The key objective is to have graduates who are able to join data science teams in the Government, corporate, or private sectors, with sufficient understanding of technical concepts in data science and machine learning to collaborate with computer scientists and engineers and with sufficient understanding of social science and politics to be able to bring a deeper understanding of human behaviour to otherwise technology oriented teams.
Core modules for the Social Science Background stream provide a foundational understanding of data science methods, while optional modules allow exploration into specialised areas like machine learning, quantitative text analysis, and the ethical use of AI in politics. Similarly, the Technical Background stream includes core and elective modules that blend technical skills with an understanding of political science theories and applications.
Graduates can also use the skills acquired to continue work in political science research, either in academia, think tanks, or the non-profit or public sector, where they will benefit from a deep understanding of the cross-section between data science and political science.
Knowledge and understanding
- Understanding the range of data science and machine learning methodologies that are available to data scientists, and their key advantages and disadvantages.

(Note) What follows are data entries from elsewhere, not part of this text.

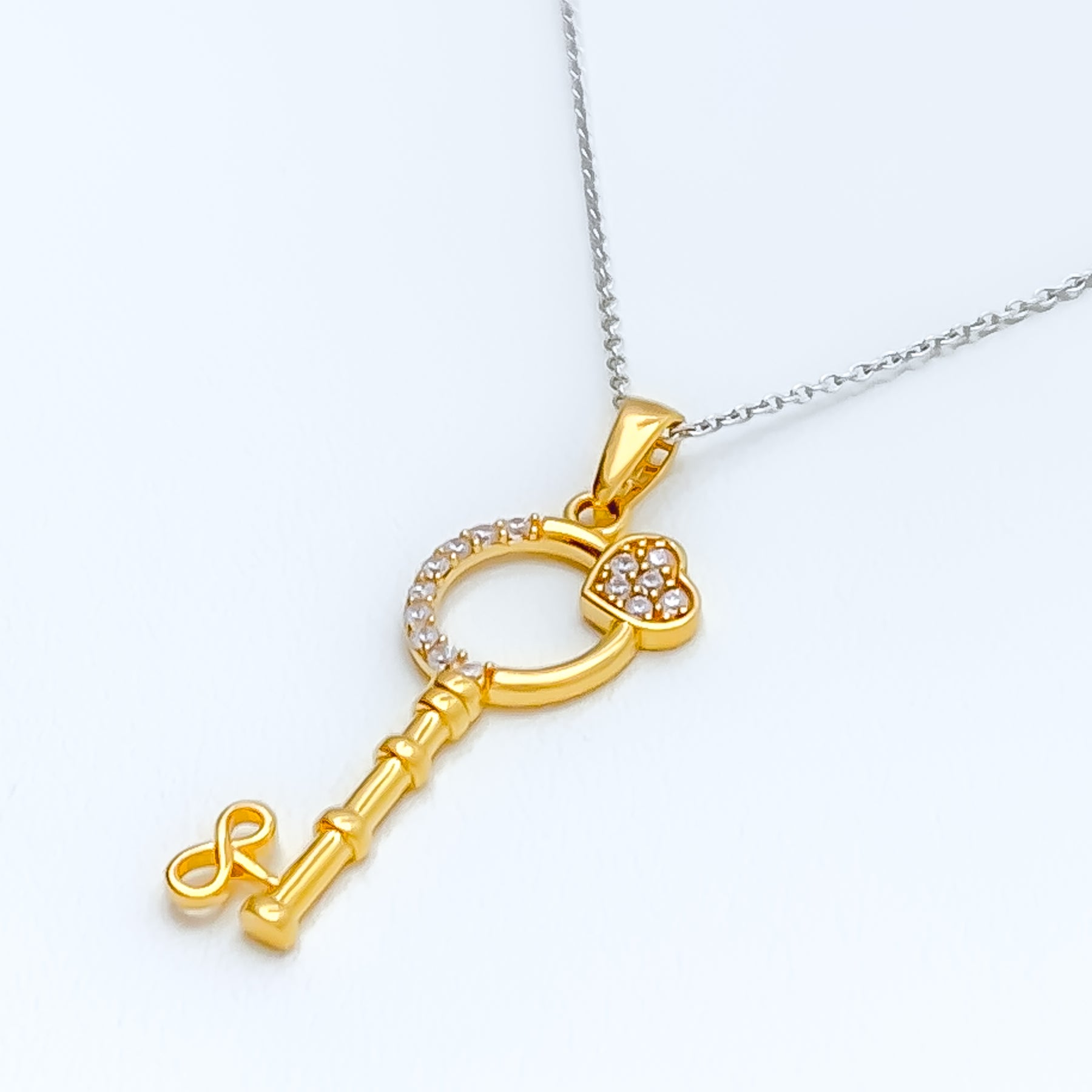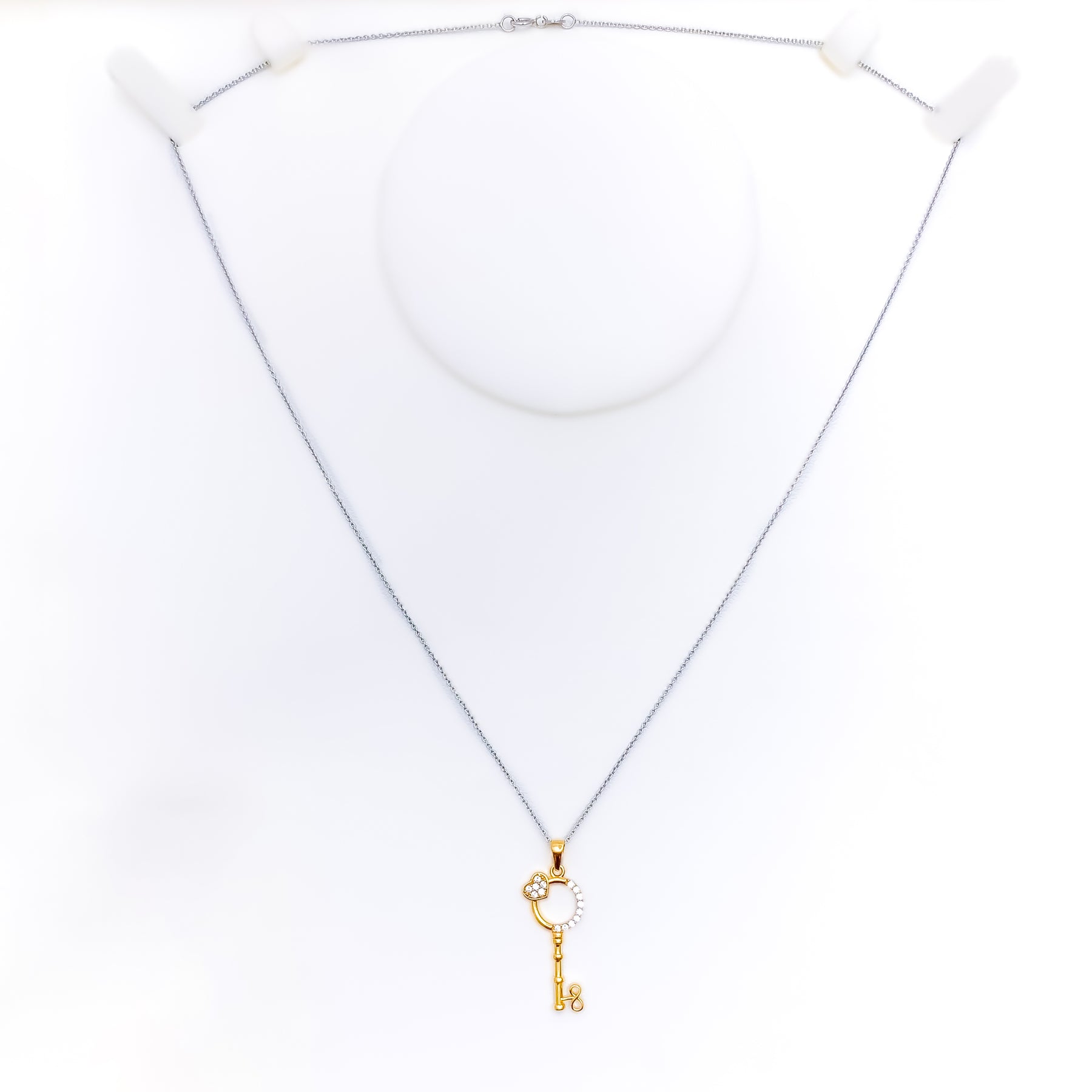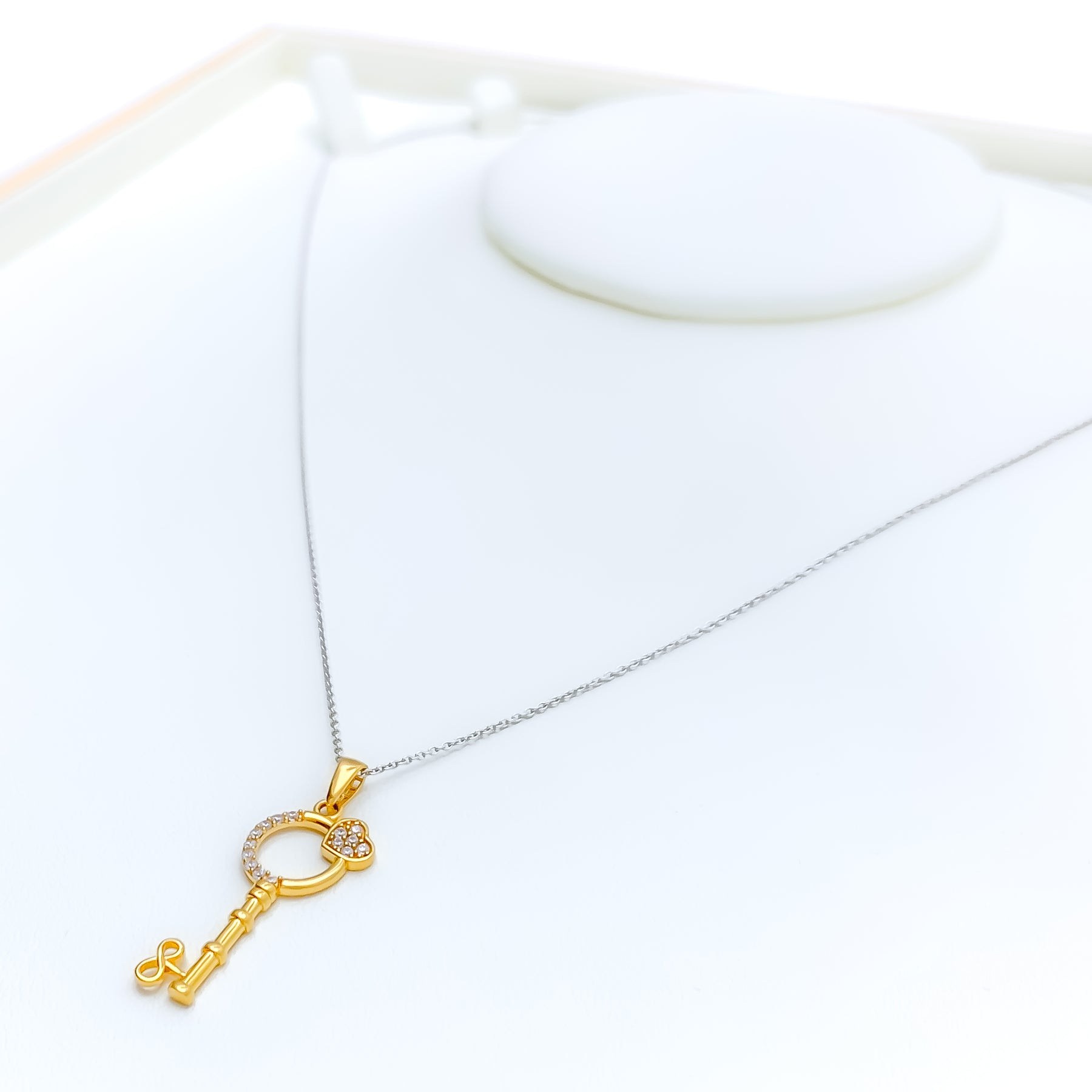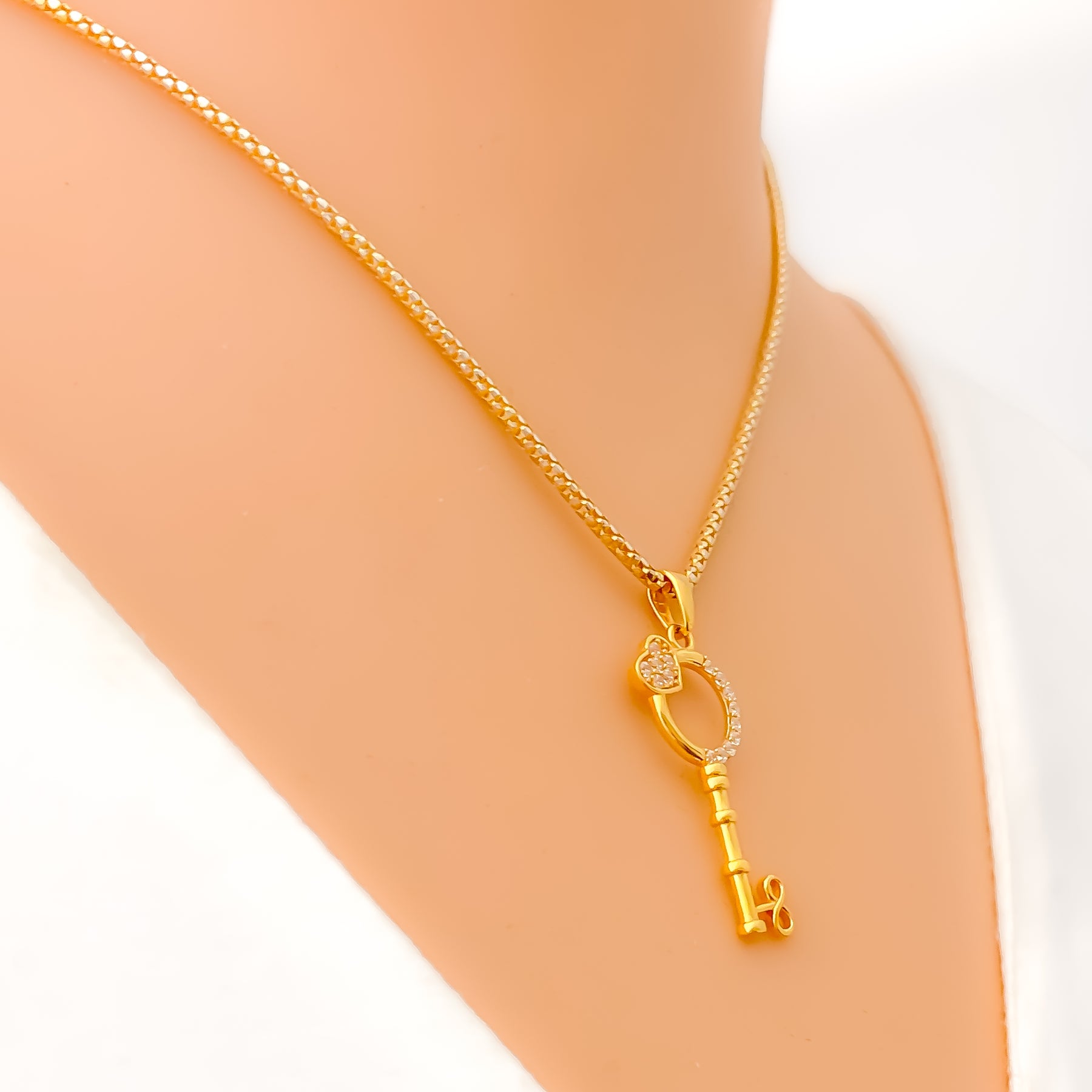 Graceful and luminous, this 21k gold pendant weighs 1.5 grams and features a delicate silhouette accented with sparkling cubic zirconia for a soft, radiant glow. Measuring 1.25 inches in length, it’s finished in warm yellow gold and captures an airy elegance perfect for everyday sophistication. Whether paired with a fine chain or layered for added charm, this piece brings ethereal beauty to any look. Chain not included.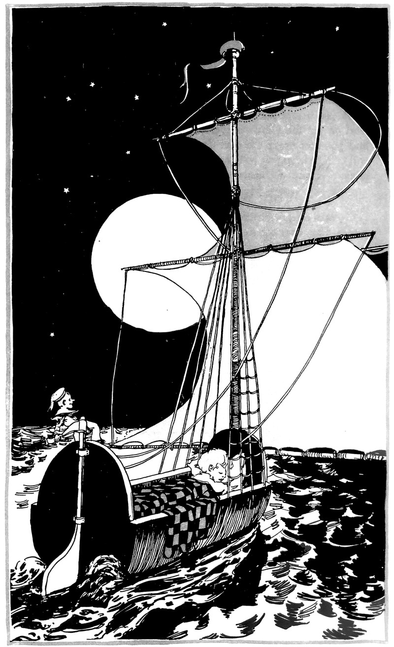 #vintage illustration #elf #full moon #sleep #ship #starry night #1920s #illustration #crib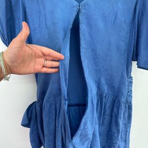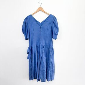 Jane Schaffhausen Belle France Women’s 80s Jacquard Drop Waist Steel Cornflower Blue Dress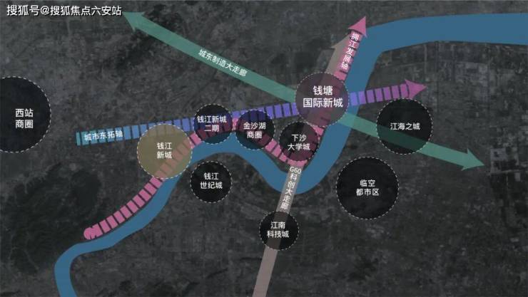 钱塘之门坐落于钱塘国际新城核心区域,坐享“拥江发展”与“城市东拓”的交汇处。钱塘国际新城对标的是杭州的钱江新城,这里处于G60科创智造大走廊的关键节点,是杭州东部门户。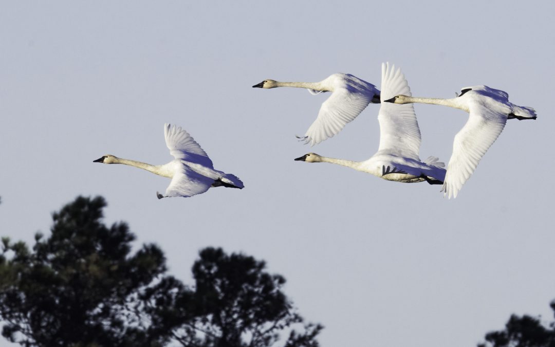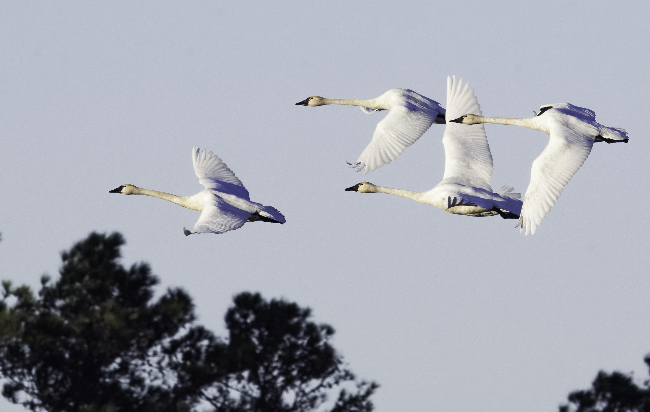 Swan4FlyingPastPine-3740CRDN1lessblueshaow0V2 copy by Osprey Photo Workshops & Tours | Feb 14, 2022 Tundra Swans flying over trees.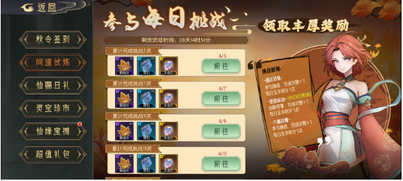 - 问道试炼:每日完成道法、命劫、九幽各一次,累计任务点数(每天最多3点,任务需要30点,总体难度不大)。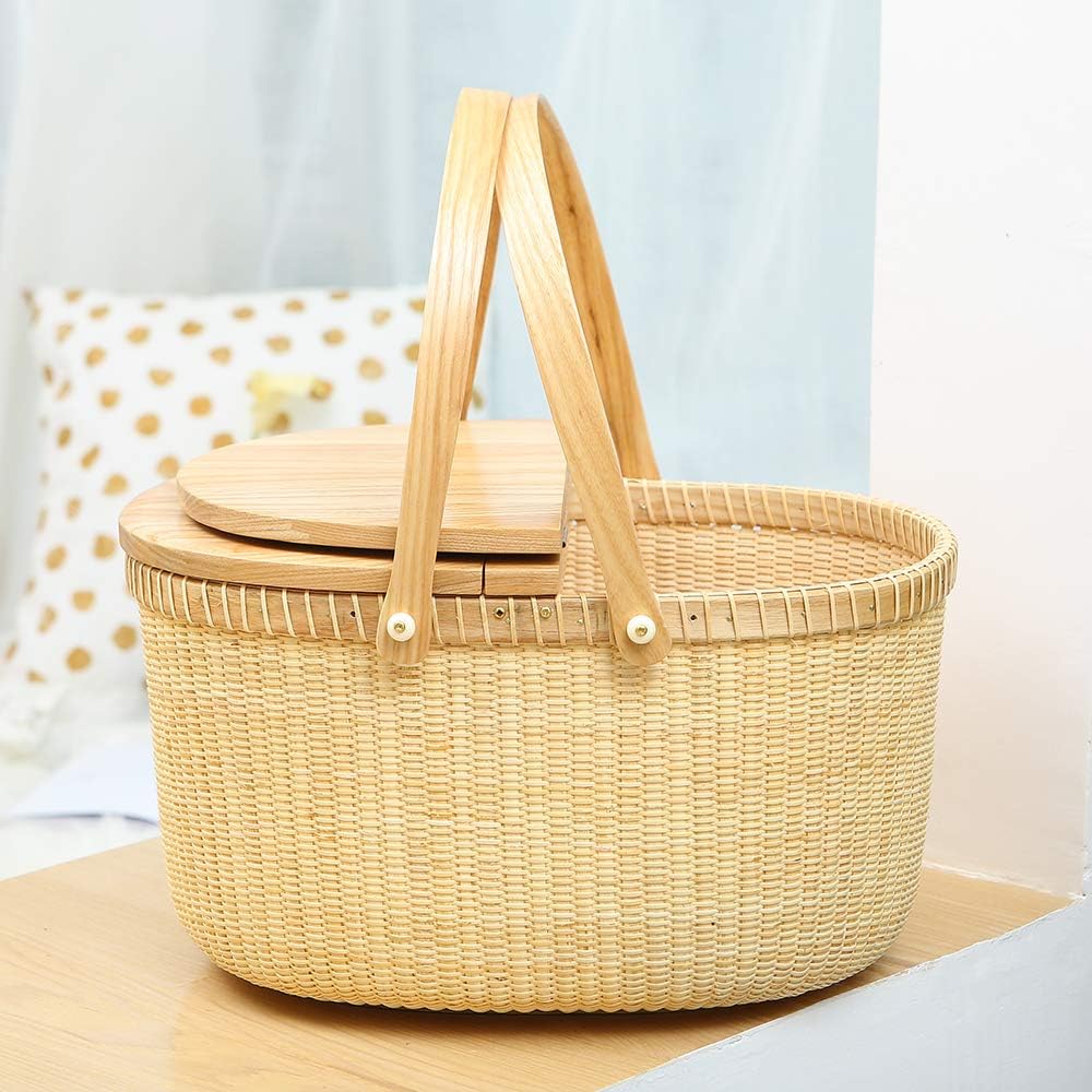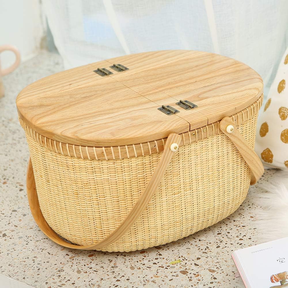 HIGH QUALITY MATERIAL: Large picnic basket is made from American hardwood and Cane staves finely-woven with cane weavers for strength and longevity, so it will withstand for Over a hundred years to come.Multiple coats of varnish are applied to protect, strengthen and bring out the natural beauty of the materials, It will develop a rich dark patina over the years with use.

- Understanding of theories of political behaviour, political processes, and political institutions.
- Understanding variations in political systems and their functioning.
Applying knowledge and understanding
- Understanding of central aspects of political and social science research design, such as conceptualization, operationalization and measurement.
- Ability to use knowledge of research design to systematically address questions pertaining politics and public policy.
- Gain general experience in applying data science techniques to questions of political and social science relevance.
Making judgements
- Ability to decide on appropriate statistical techniques given a particular research question in relation to political behaviour and public policy.
- Ability to evaluate reported statistical and algorithmic results in political and social science research.
- Through training in general research design, ability to evaluate the veracity of input data of political and social behaviour for use in data science applications.
- Have a basic understanding of the situations where automated techniques as used in standard data science practice are suitable and ethically appropriate, and where not.
Communications and working skills
- Ability to clearly communicate results from statistical analysis of political and social behaviour.
- Ability to communicate the possibilities and scope of data science tools for the understanding of political and social behaviour.
- Basic practice in team work and learning how to collaborate in larger technical projects, including ability to work with techniques for code sharing, agile development, tools for scientific replication, etcetera.
Learning skills
- Have sufficient grounding in fundamentals of statistical analysis and computer science to be able to acquire new skills in data science.
- Have sufficient grounding in political and social science to be able to read into new domains of political and social science research.